START Exercise data

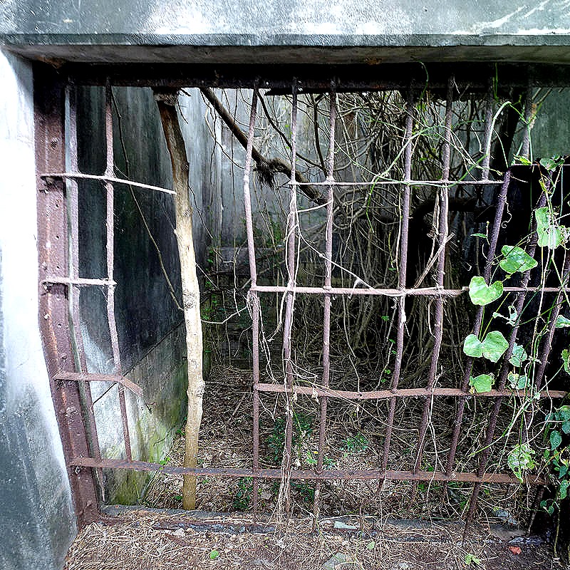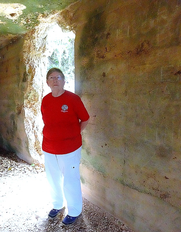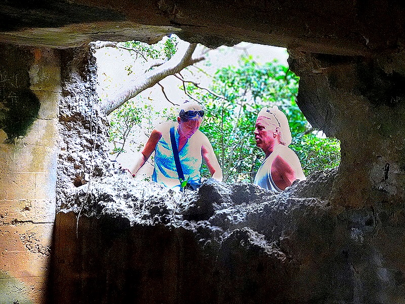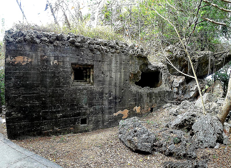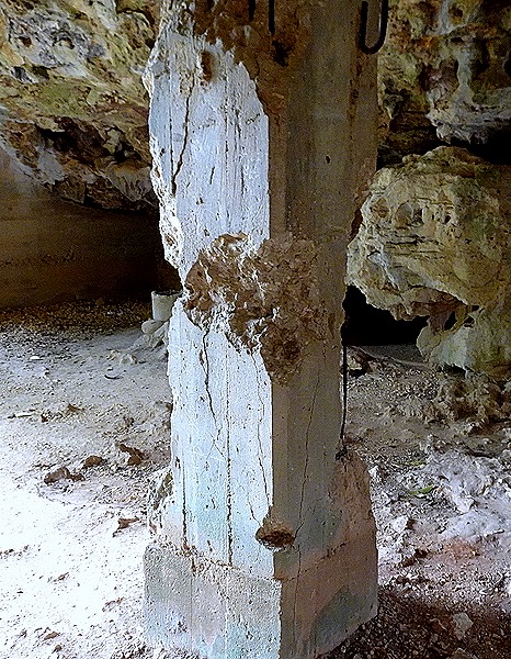 You can see in the picture above that there is one finished opening that is a window and one jagged opening that could have been a window but is also an explosive opening. We don’t know how many of each there are, but we were told about one incident that created two holes in the wall when a shell from a US Navy ship made one hole penetrating into the cave, then took a chunk out of a concrete pillar, then made a hole on the other side as it exited the cave, all without exploding. Hard to imagine & it must have been quite a shocking experience for the soldiers inside. We think we remember correctly which hole was which, but be a little skeptical in viewing the labelling of the following pictures.
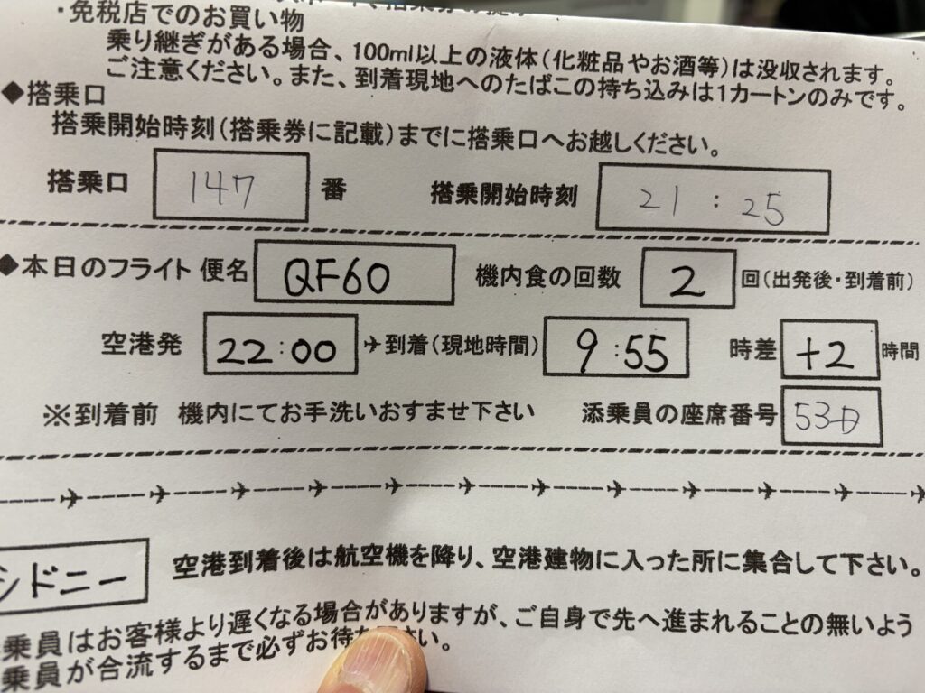 いよいよ、今夜(1/16金)22時に、カンタス航空0060便でオーストラリアのシドニー空港に向けて出発します。
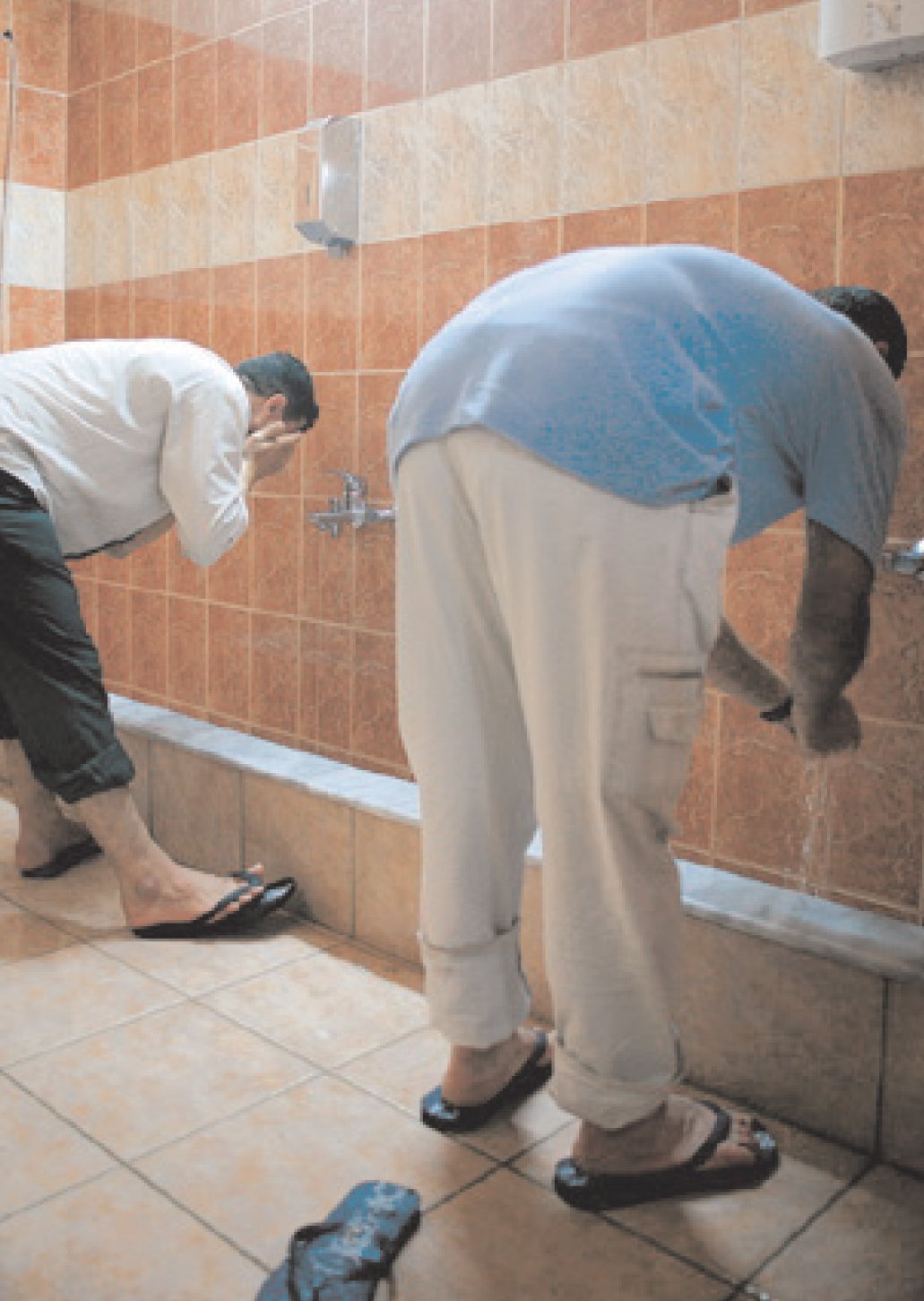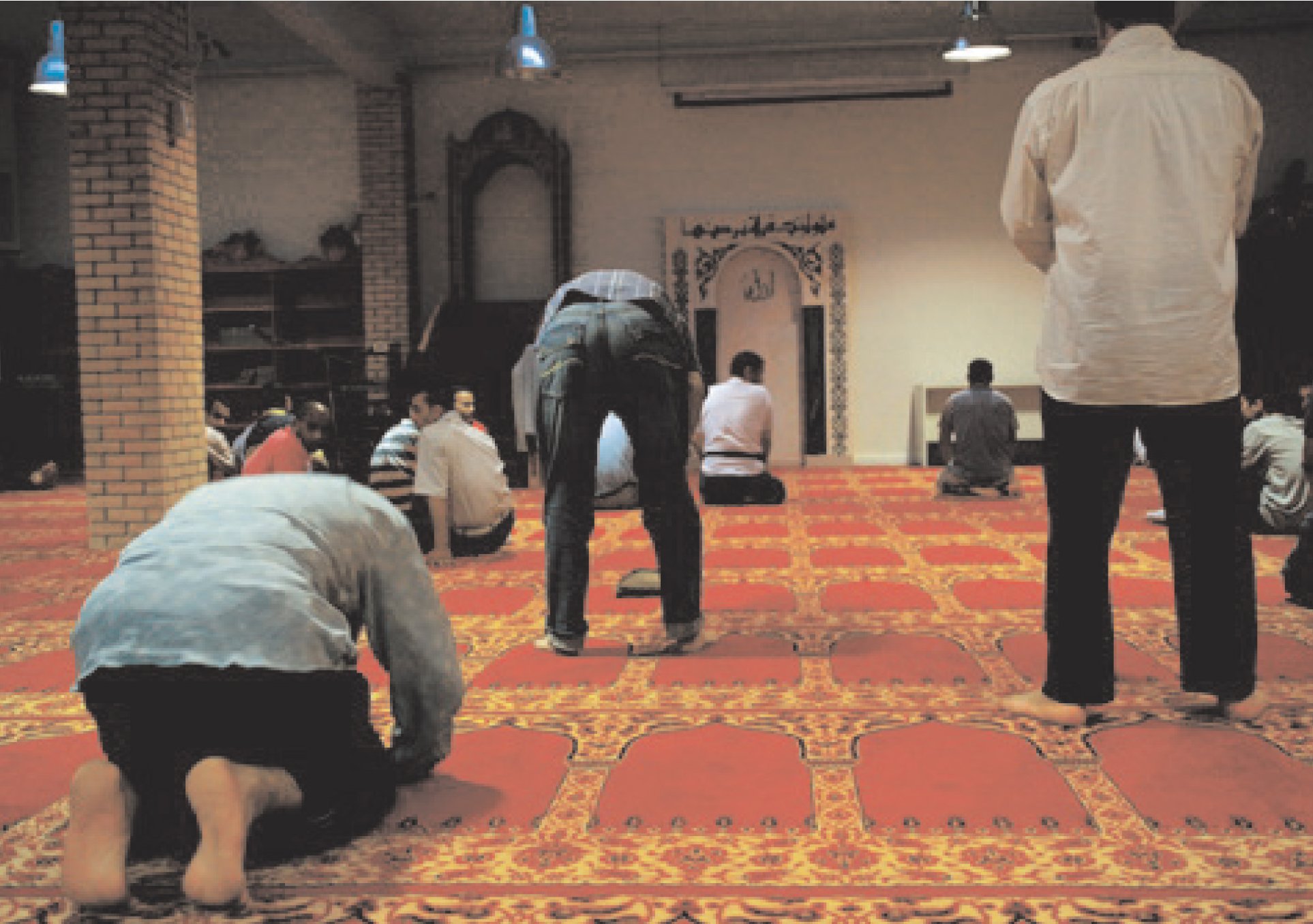 Η ώρα είναι 2.30 και περίπου 300 πιστοί διαβάζουν ψιθυριστά το Κοράνι στην κλιματιζόμενη αίθουσα. Ο χώρος είναι γυμνός από εικόνες, γλυπτά ή στολίδια. Το μόνο που θυμίζει χώρο προσευχής είναι η υπερυψωμένη θέση του ιμάμη και η βιβλιοθήκη με τα ιερά βιβλία. Επικρατεί μια ησυχία σχεδόν κατανυκτική. Στραμμένοι όλοι προς τη Μέκκα, περιμένουμε τις πρώτες λέξεις: «Ο Αλλάχ είναι μεγάλος, ο Αλλάχ είναι πολυεύσπλαχνος».
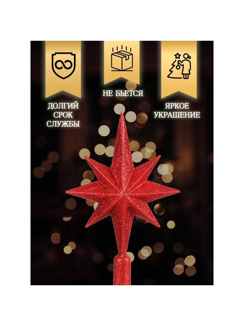 Верхушка на елку Звезда красная 25х16.5 см — яркий акцент для новогоднего декора, который не разобьётся и украсит даже уличную ель. Быстрая доставка и гарантия качества.
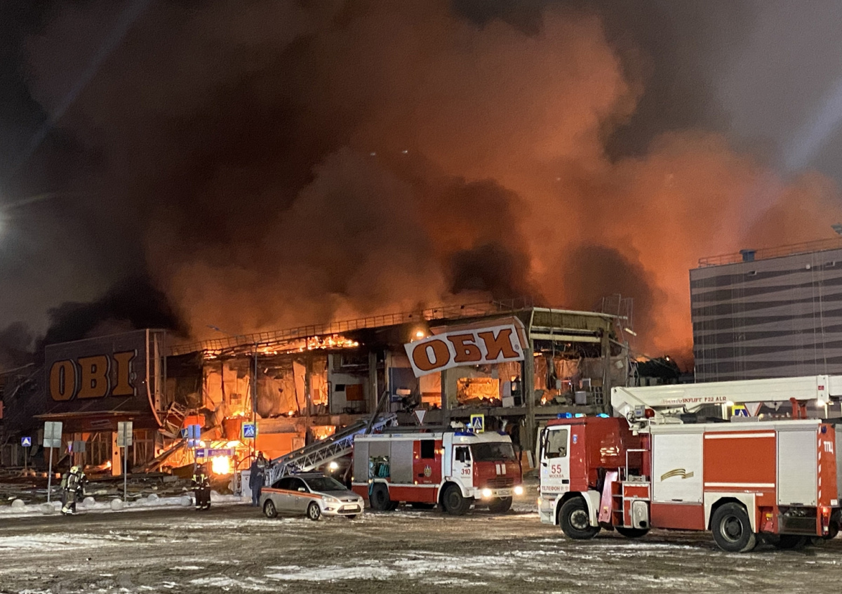 Пожар начался в магазине OBI в подмосковном торговом центре «Мега Химки» около шести утра. В тушении были задействованы 30 человек и девять единиц техники. Кровля загорелась на площади 150 метров.
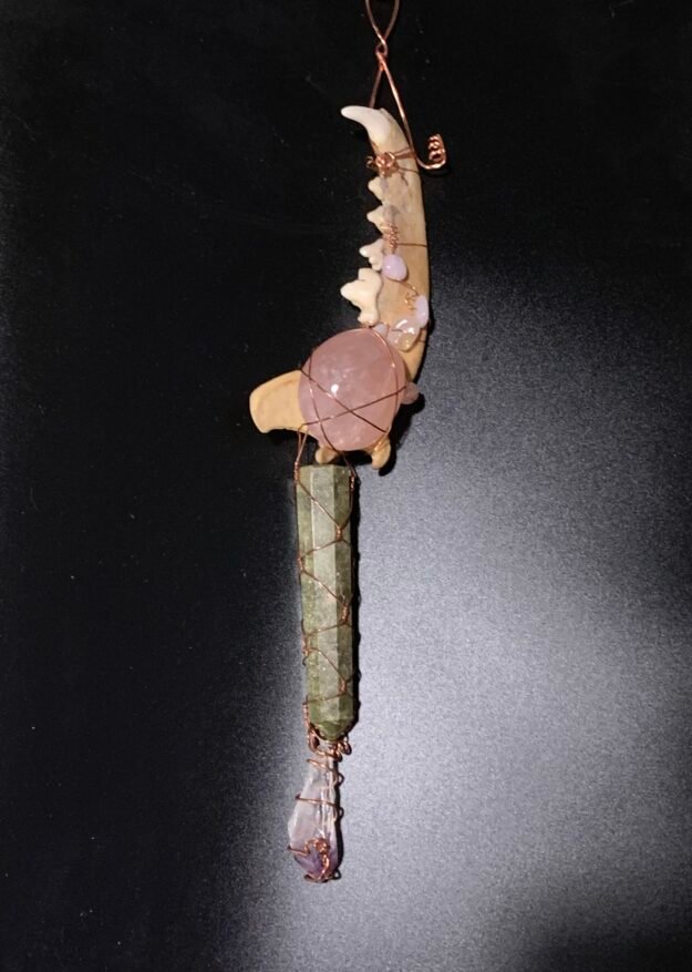 Pack is part of my Stones and Bones collection that are both art and talismans. It consists of a  coyote jawbone with morganite beads, star rose quartz tumble, zeosite tower, and natural amethyst point held together with copper wire. It was created intuitively with the intention of protecting the space it hangs in. It measures about 12 inches long.
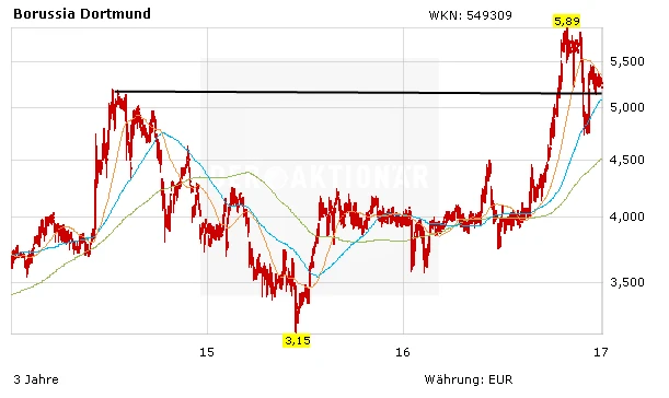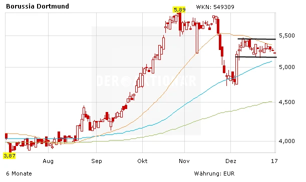 Die BVB-Aktie pendelt derzeit zwischen 5,40 Euro und 5,20 Euro. Auf diesem Niveau lohnt es sich nach wie vor, eine Position als Depotbeimischung aufzubauen. Freilich liegen sportlicher Erfolg und eine gute Kursentwicklung eng beieinander. Dennoch: die Aktie ist nicht nur für BVB-Fans eine Spekulation wert. Kursziel 7,50 Euro
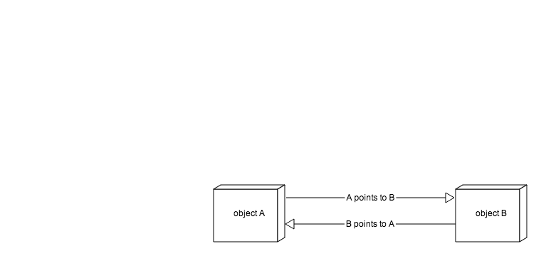 弱引用的一大好处是可以用来避免强引用循环(Strong reference Cycle)。例如有两个对象,他们互相指向对方,即使你把所有指向这两个对象的指针都设置为nil,这两个对象也不会被释放,因为他们仍然有来自对方的指针。
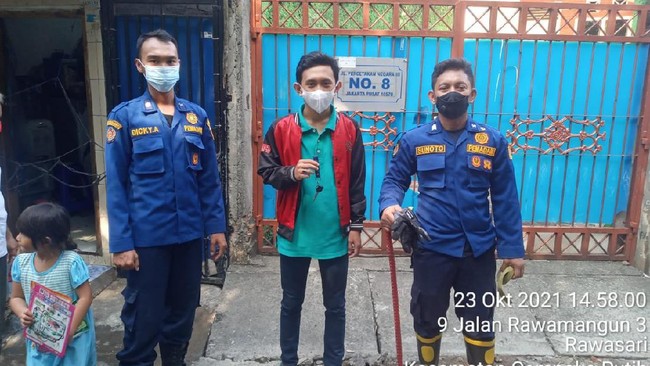 Peristiwa itu terjadi hari ini sekitar pukul 14.00 WIB. Dalam foto yang diunggah oleh Damkar DKI, terlihat beberapa orang petugas damkar mendatangi lokasi kejadian.
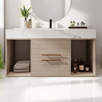 CAVINAS Bathroom Vanity with Ceramic Sink and Adjustable Shelves,Modern Freestanding Bathroom Vanity with Solid Wood Frame and 3 Drawers
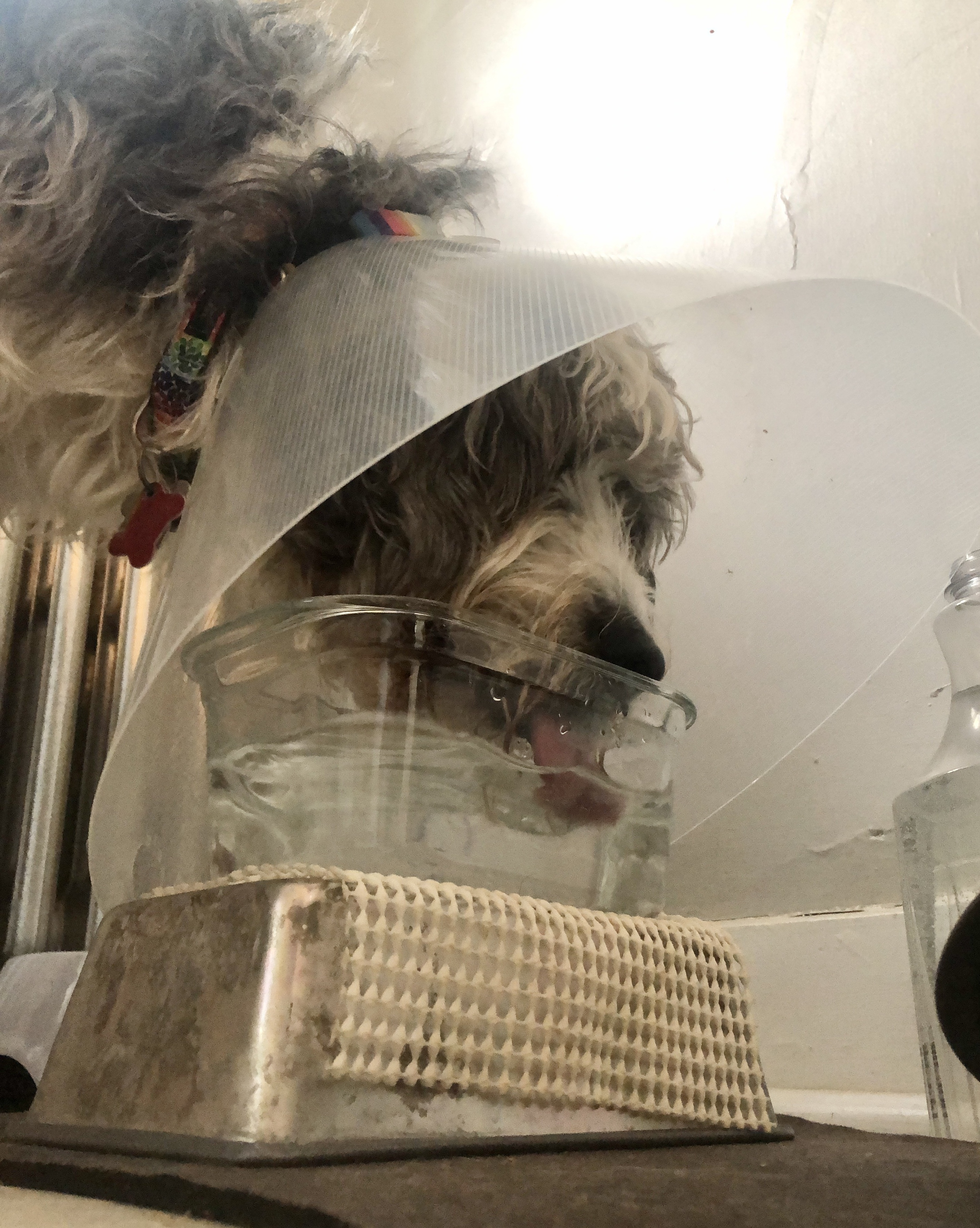 We repeated the dreadful drop-off the next day, and her surgery was done by noon. I got her in the evening and she whimpered in the back seat the whole ride home. At home, cone-on-head, she whimpered in her bed too. Poor girl.

END Exercise data

What to produce:
Pictures aside, transcribe exactly the lines from the line containing "CAVINAS Bathroom Vanity" through the final line of the material above.

Task solution:
 CAVINAS Bathroom Vanity with Ceramic Sink and Adjustable Shelves,Modern Freestanding Bathroom Vanity with Solid Wood Frame and 3 Drawers
 We repeated the dreadful drop-off the next day, and her surgery was done by noon. I got her in the evening and she whimpered in the back seat the whole ride home. At home, cone-on-head, she whimpered in her bed too. Poor girl.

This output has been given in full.